I remember many years ago when I was driving “The Big Van” in support of officers anticipating the usual weekend public disorder in what was euphemistically referred to (in those days) as a Cowboy Town. The Big Van would drive around the extended Division, crewed by two divisional officers whose remit was to attend any disorder in support of local officers. This involved the van being staffed by officers from different town sections so that we could safely be expected to know the expanded area which we were expected to patrol.
One night, my partner and I stopped in what was ‘his’ patch, and a young lad walked up to the open window on the driver’s side, apparently to ask my driving partner for directions. No sooner had my partner started to provide advice on how the lad could get to his stated destination than the said lad knocked my partner’s hat off and ran away. Naturally my partner pursued him, alighting from our Van in order to do so. And equally naturally, they ran the way we had just come so I could not simply follow in the van.
I scooted over into the driving seat, laboriously turned the van and drove in the direction they had run, driving around a roundabout in order to do so. Then the call came that my partner had apprehended his prey and a struggle was taking place. He named the street he was in – which was familiar to him but not, as luck would have it, to me. He’d run after the lad in ‘his’ town leaving the officer from abroad (me) in the van.
I called for directions and was told by a control room operator to ‘go to the roundabout and take the second exit’. I started driving back towards the roundabout, and it was only as I arrived at that hazard that I realised that the person who’d given me the directions hadn’t a clue where I was because I hadn’t told him – so how could he possibly have known which exit I had to take? In order to accurately get me to the required destination, he should first have asked me where I was. (Which may have explained my accident with a taxi, but that’s another story.)
This is true in all journeys from where you are to where you want to be, both physical and metaphorical. If I want something, I need to know how to go about it, and I need to know what skills, knowledge and interest I have NOW that may need to be complemented if I am to achieve my desired result.
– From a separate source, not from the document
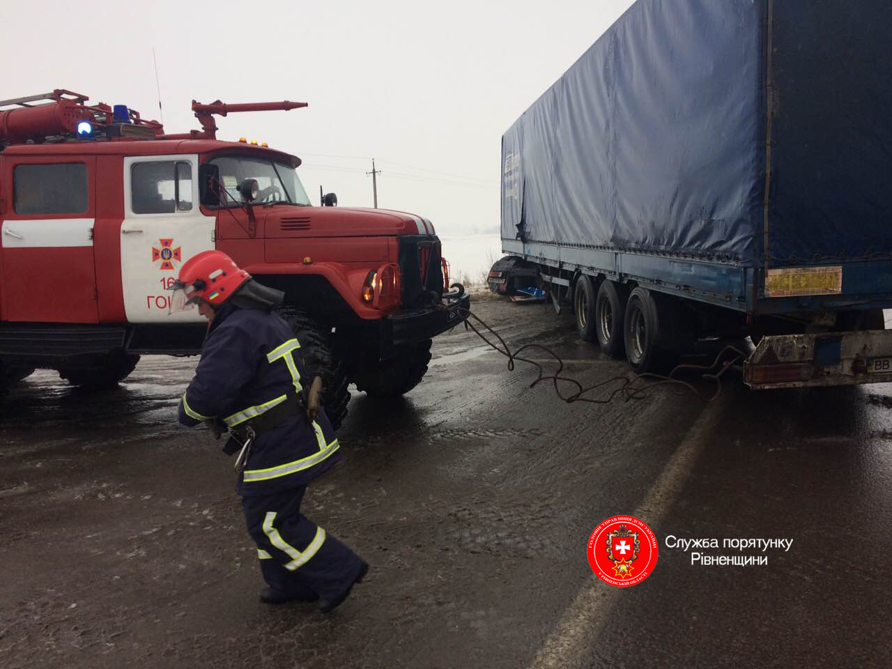 03 лютого о 08:45 до Служби порятунку Рівненщини надійшло повідомлення про дорожньо-транспортну пригоду за участі 7 автомобілів (в тому числі 5 вантажівок) на трасі Київ-Чоп поблизу села Терентіїв.

If I want to lose weight, I need to know how much I weigh NOW so that I can identify how much I have to lose, how I should lose it, and how I am progressing as time passes. I may also need to know why I am the weight I am so that I don’t repeat the mistakes that got me overweight in the first place. I need to look at what has led to NOW so that I can discover my route to the outcome sought.
In other words, in order to get to where I want to be, I have to take a moment to ascertain exactly where I am in order to deduce the route I need to take. The same applies in all areas of life, personal and professional.”
Take a moment to identify where you are now in terms of where it is you are going – you might find out you need to change direction if you’re going to get there.